**Work to complete:**
When you reach the line holding "This 3mm cardboard" in the material below, return that line and each one after it, word for word, with the pictures dropped.

**Supplied entries:**
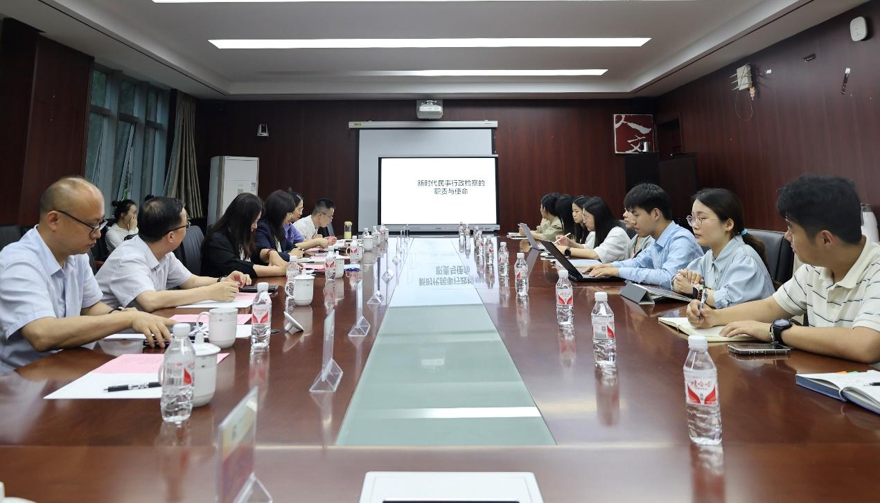 随后,刘洋主任紧扣主题,系统讲解了新时代民事、行政检察工作的法律依据、职能分布及履职情况。她结合生动案例,深入浅出地阐释了民事行政检察在保障民事权益与社会公平、监督行政权力与推动依法行政的重要作用。在现场交流环节,检察官与师生们就“行刑反向衔接”“四大检察”协同履职、虚假诉讼治理等前沿实务问题进行了热烈互动。
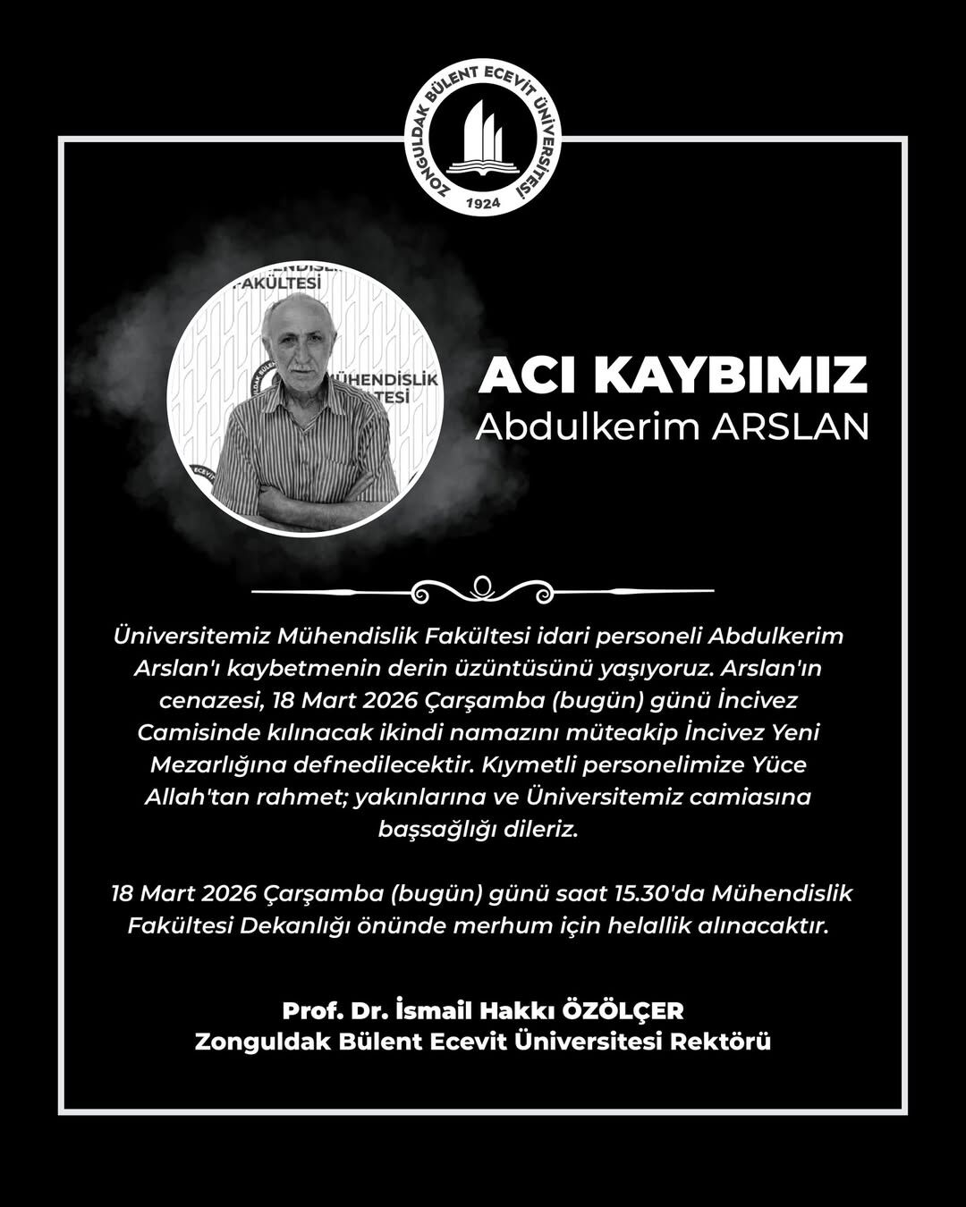 Zonguldak Bülent Ecevit Üniversitesi Mühendislik Fakültesi idari personeli Abdulkerim Arslan hayatını kaybetti.
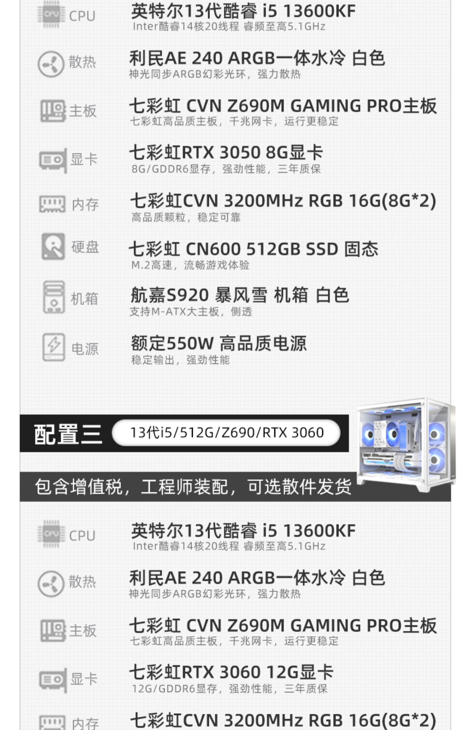 Семь радуга белого моря Взгляд Комната Хост компьютера I5 13600K RTX3060 4070SUPER 4060TI 8G Независимая Графическая карта AI Desktop Game Diy Complete Set Set Assembly Machine
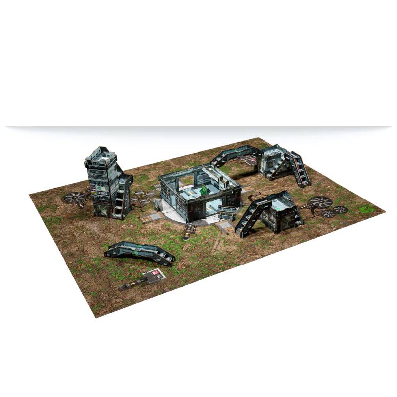 This 3mm cardboard scenery pack, two-sided printed, includes an Objective room, two small buildings, a sniper tower, a console, two bridges, two staircases, an inner ladder, an inner walkway and a 24x32 inch paper gaming mat.
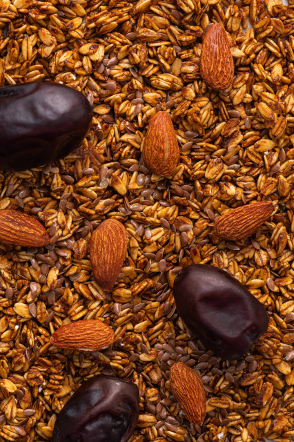 Гранола Gregory Mill Finik - вишукане поєднання солодкого фініку з хрустким мигдалем. Фініки здавна символізують життя та плодючість, адже про їх користь відомо з древніх часів. Саме тому ми використовуємо відбірні королівські фініки, щоб збагатити смак граноли цією величчю смаку.
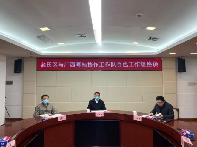 2023年1月16日下午,廣西百色市政府黨組成員、副市長,粵桂協(xié)作工作隊副領(lǐng)隊、百色工作組組長劉得勝同志率隊來訪鹽田,區(qū)委副書記、政法委書記谷云宏同志組織召開座談會,交流探討有關(guān)工作。鹽田區(qū)副區(qū)長李強強同志以及區(qū)工業(yè)和信息化局參加活動。

**Task answer:**
 This 3mm cardboard scenery pack, two-sided printed, includes an Objective room, two small buildings, a sniper tower, a console, two bridges, two staircases, an inner ladder, an inner walkway and a 24x32 inch paper gaming mat.
 Гранола Gregory Mill Finik - вишукане поєднання солодкого фініку з хрустким мигдалем. Фініки здавна символізують життя та плодючість, адже про їх користь відомо з древніх часів. Саме тому ми використовуємо відбірні королівські фініки, щоб збагатити смак граноли цією величчю смаку.
 2023年1月16日下午,廣西百色市政府黨組成員、副市長,粵桂協(xié)作工作隊副領(lǐng)隊、百色工作組組長劉得勝同志率隊來訪鹽田,區(qū)委副書記、政法委書記谷云宏同志組織召開座談會,交流探討有關(guān)工作。鹽田區(qū)副區(qū)長李強強同志以及區(qū)工業(yè)和信息化局參加活動。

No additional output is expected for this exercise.